I got out and walked around...You wanna feel like an old bag? Try walking 2 blocks down Ocean Drive...Oh and everybody there thinks that there are on The Jersey Shore *gag*.

I put about 250 miles on my sexy 2010 Chrysler 300 RENTAL. (stock photo below..cuz I was obviously too drunk to take a pic of the real one)

I spent a large amount of those miles driving around in circles, screaming at my iPhone because GoogleMaps is a filthy, lying whore....

I got a pretty good deal on it though (yay Last Minute Internet Specials!!) but they wouldn't give me the same rate for an extra day..assholes..and their daily rate was higher than a giraffe's ass so I had to call another place...a "no frills" place..oh hell.

For $15 a day, I got the keys to THIS fine tuned racing machine.....

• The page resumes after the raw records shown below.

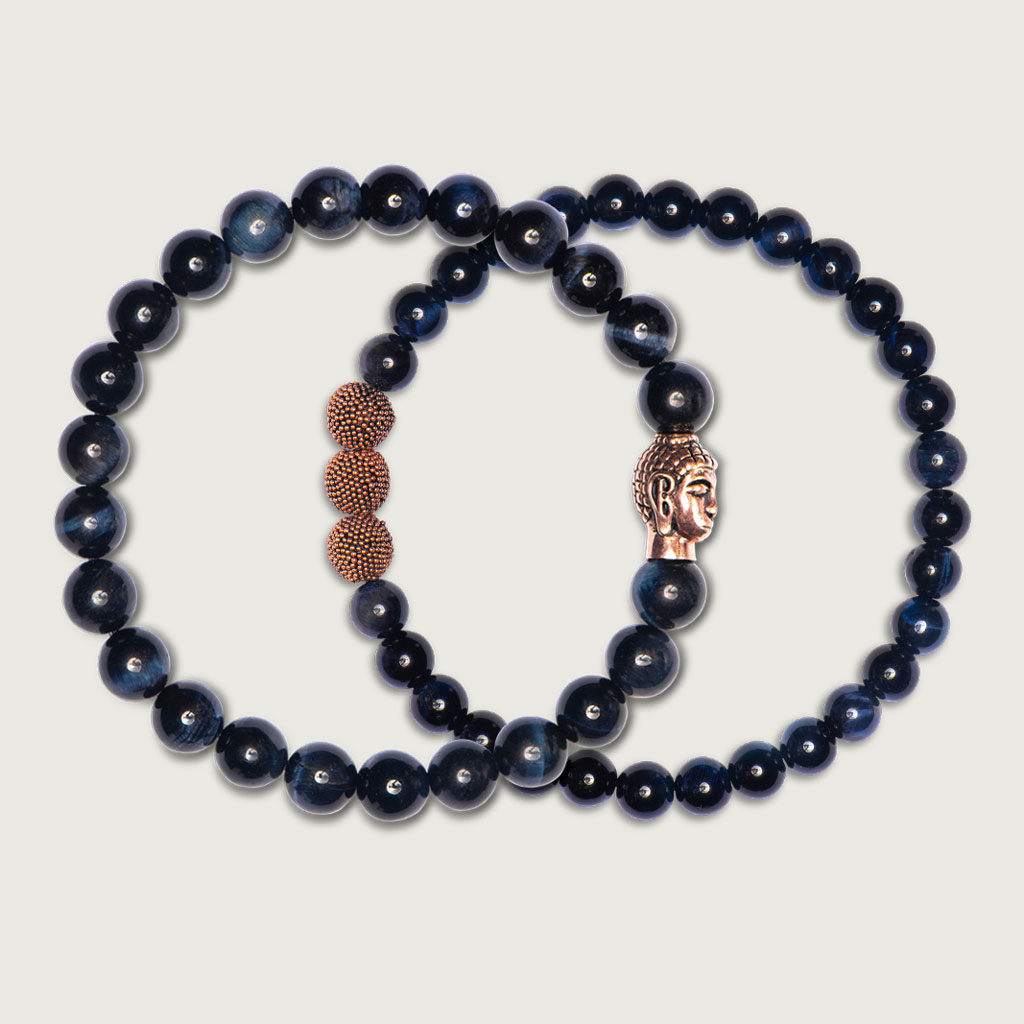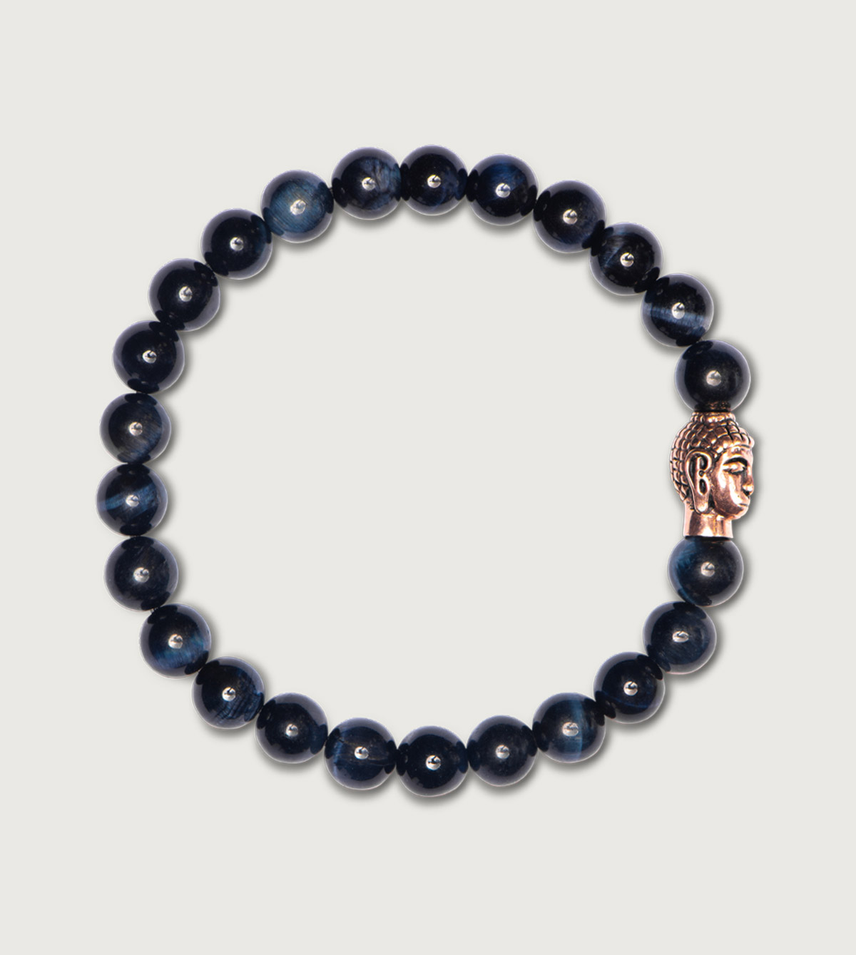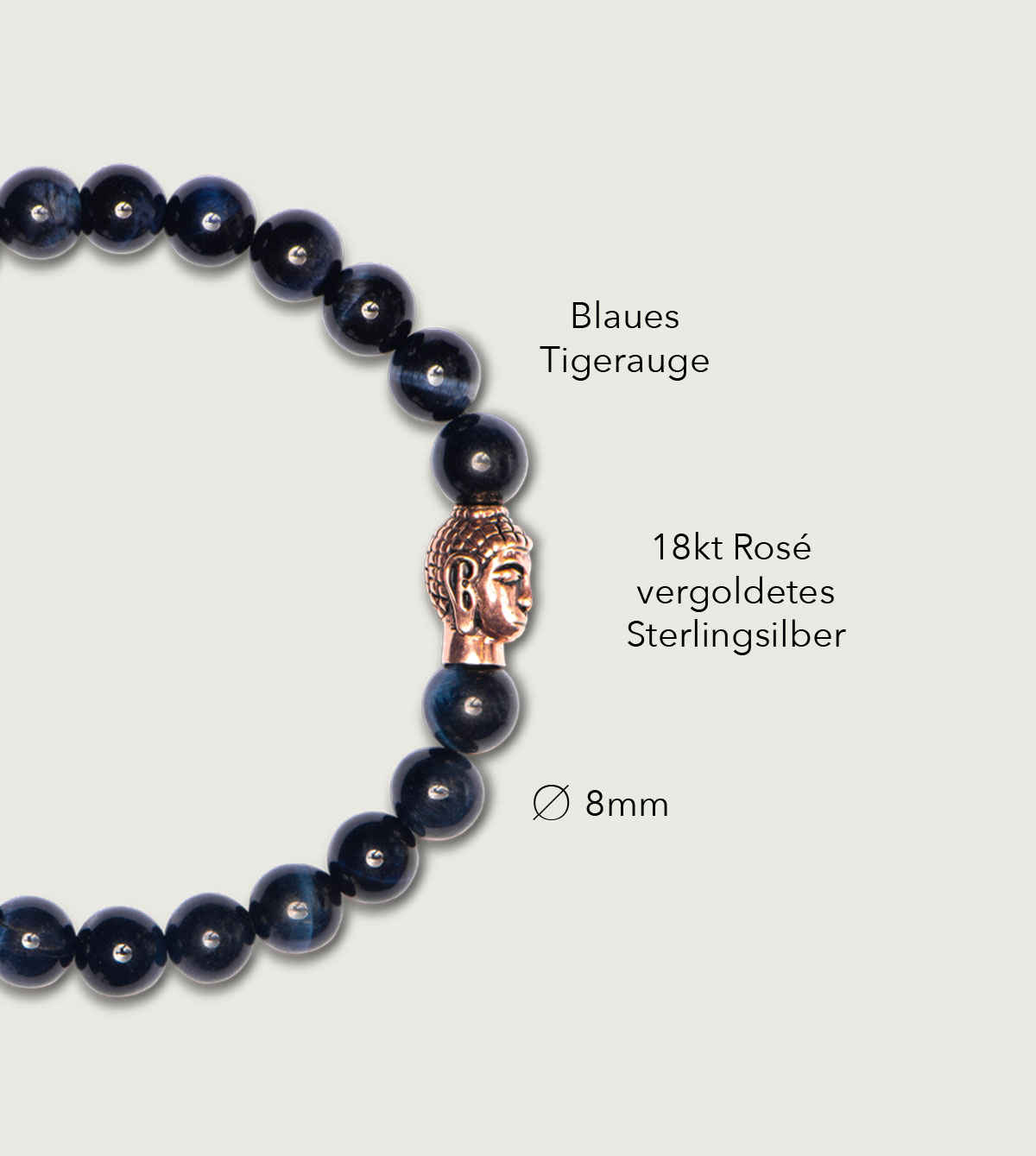 Das Ruhe ausstrahlende blaue Tigerauge in 8 mm besticht an diesem Herrenarmband durch die stilvolle Symbiose mit edlem Roségold des vergoldeten Buddha für einen eleganten Akzent an Deinem Handgelenk - einfach unkompliziert schön für ein elegantes Statement.
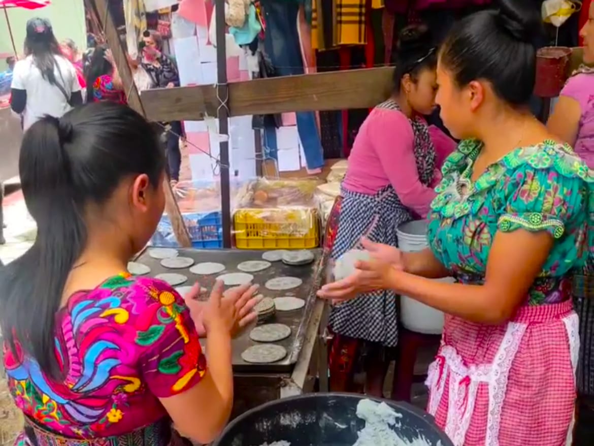 El estómago también tuvo su liturgia. Probé *chuchitos* humeantes, bebí atol servido en bolsas plásticas, y observé un espectáculo irrepetible: un pastor avanzaba entre el gentío con una soga de la que pendían diez cabras. Cuando alguien levantaba la mano, se detenía, sacaba un vaso de plástico y ordeñaba allí mismo al animal. En segundos, el comprador se llevaba su leche tibia recién extraída. Tres quetzales por un sorbo que borraba siglos de distancia entre lo ancestral y lo contemporáneo. Esa escena, más que pintoresca, era la prueba viva de que Chichicastenango no necesita museos: su genuinidad circula entre la multitud con la misma naturalidad que un rezo o una transacción.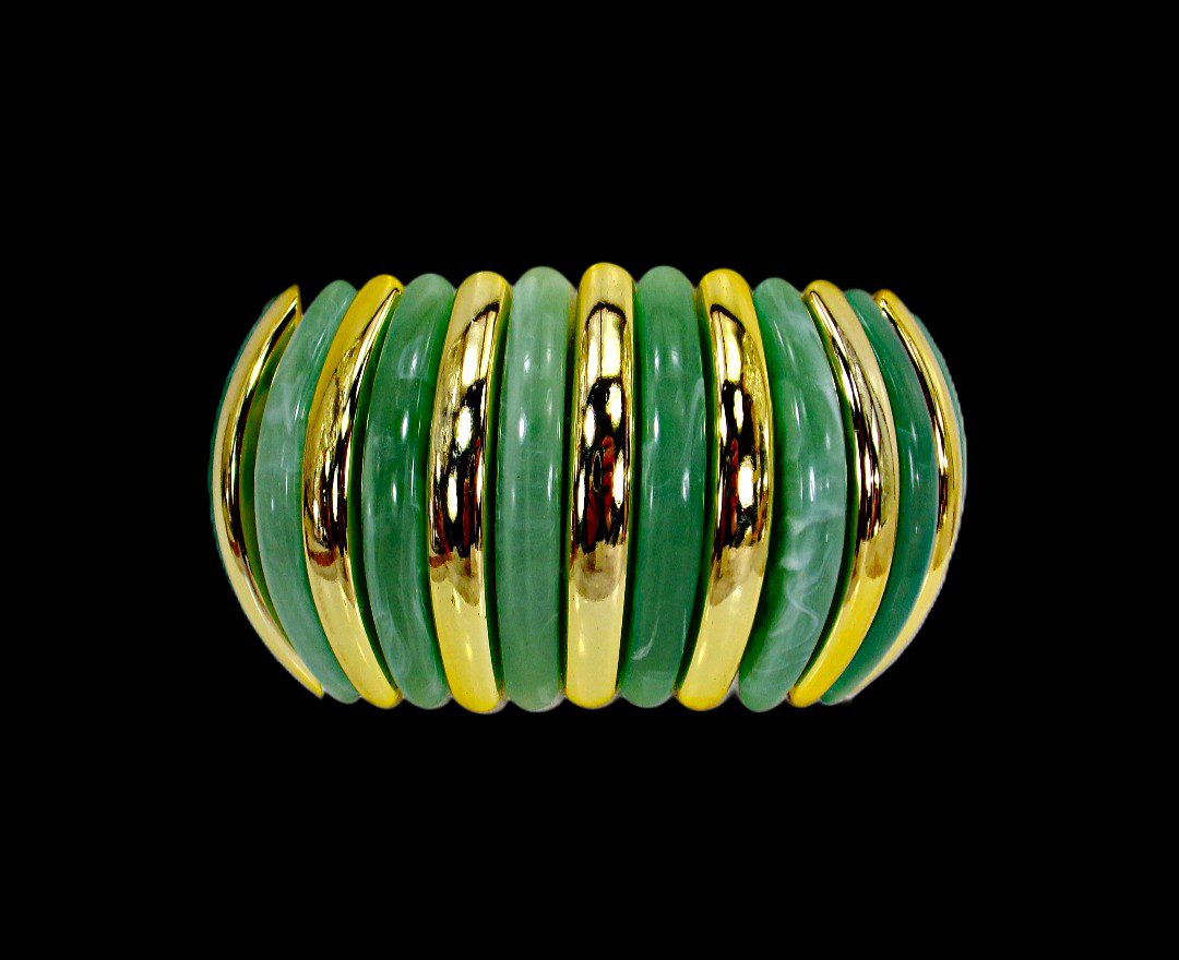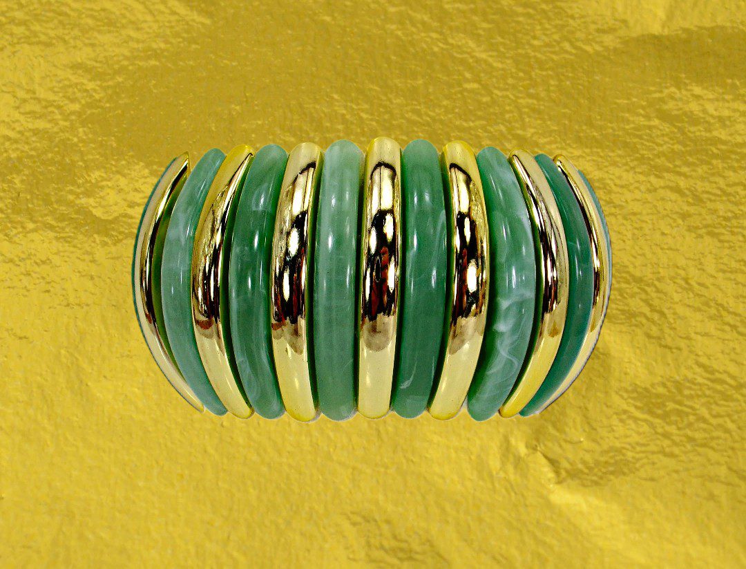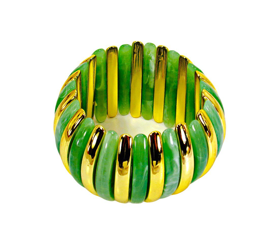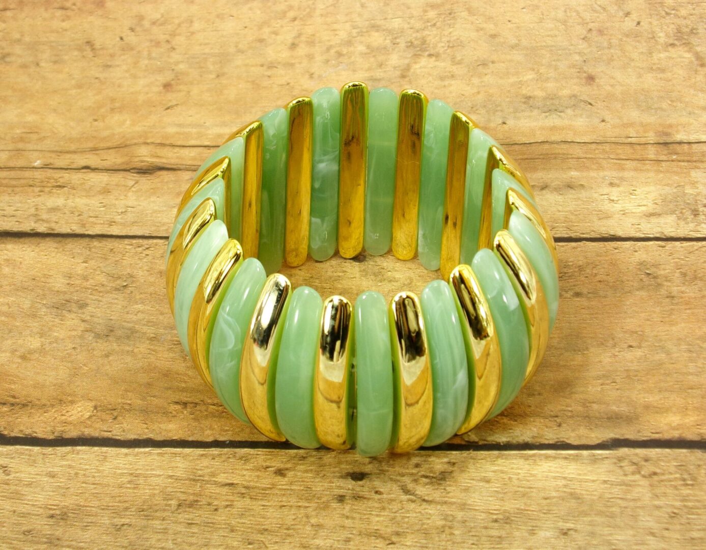 Large green and gold stretch statement bracelet. It is made with large long green and gold acrylic bead sections that are strung together by hand with two rows of stretch cord. Each bead is in green with slight white swirls in it to give the look of marble alternating with shiny gold beads. It’s light weight to wear on your wrist and a beautiful pop of color. It’s a nice accent color with any outfit and for any occasion.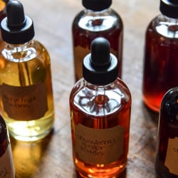 - After 10 days, strain the jar to remove the ingredients and sediment from the bottom. Let the mixture sit for another 3 days and strain again. Add the mixture to dropper jars, straining one more time in another day or two to remove any bits from the bottom.

You are BURRRRNINNNG with envy right now aren't you? Pardon? That's crabs you say? Oh.

Moving on....

The Hyatt Summerfield has a "happy hour" on weekdays with more "free" food and they actually serve REAL wine and beer...oh sweet Jesus thank you.

I treated it like it was my dinner and had seconds..because I'm just ghetto like that.

Speaking of ghetto, please check out my spy photo from the first row of FIRST CLASS...(notice my obnoxious, curly weave at the bottom right)

Yes, on the way home I was able to get a first class seat ON A STANDBY TICKET BITCHES!!! (that was my actual Facebook status update..sigh, no home training)

It took everything in me not to run down the aisles in coach telling the other passengers to kiss my black ass...but I refrained..barely.

Are you aware that they serve your beverages in actual GLASSES in first class?? and - EEEE! *clutch the pearls* - they DON'T throw your snacks at you!! They serve them to you in a beautiful basketttttt!!
Oh and to get you even more moist...when it's time to pick up your snack trash, instead of snatching it and throwing in an overflowing, nasty trash bag, they have a sexy lil tray that you can put it on...lawwwd, hold my mule while I shout!

Can you tell I haven't been anywhere in a while??

Maybe it's just me, but I felt like the other passengers in first class were looking at me like "who's this skank?..she smells like welfare and bad choices"....but I just put on my HUGE fake Chanel sunglasses and looked down my nose at them..fuckers.

I wanted to take a picture of the beach from the airplane...but even though I was in first class, the stewardess looked like she could cut a bitch so this is one I took of the everglades once old girl said it was ok to turn on devices.

sigh..I wanna go back.....


Adventures In Waitressing said...

I stopped by to say thank you for stopping by my blog. What I got was a treat. I have never read a blog that made me laugh out loud so much that my roomie thought I was insane. You are BRILLIANT!!! I marked you in my favorites and I will add you to my blog role. AWESOME!!

Dixiechick said... crack my shit up! Girl you are too need to post more! I miss ya!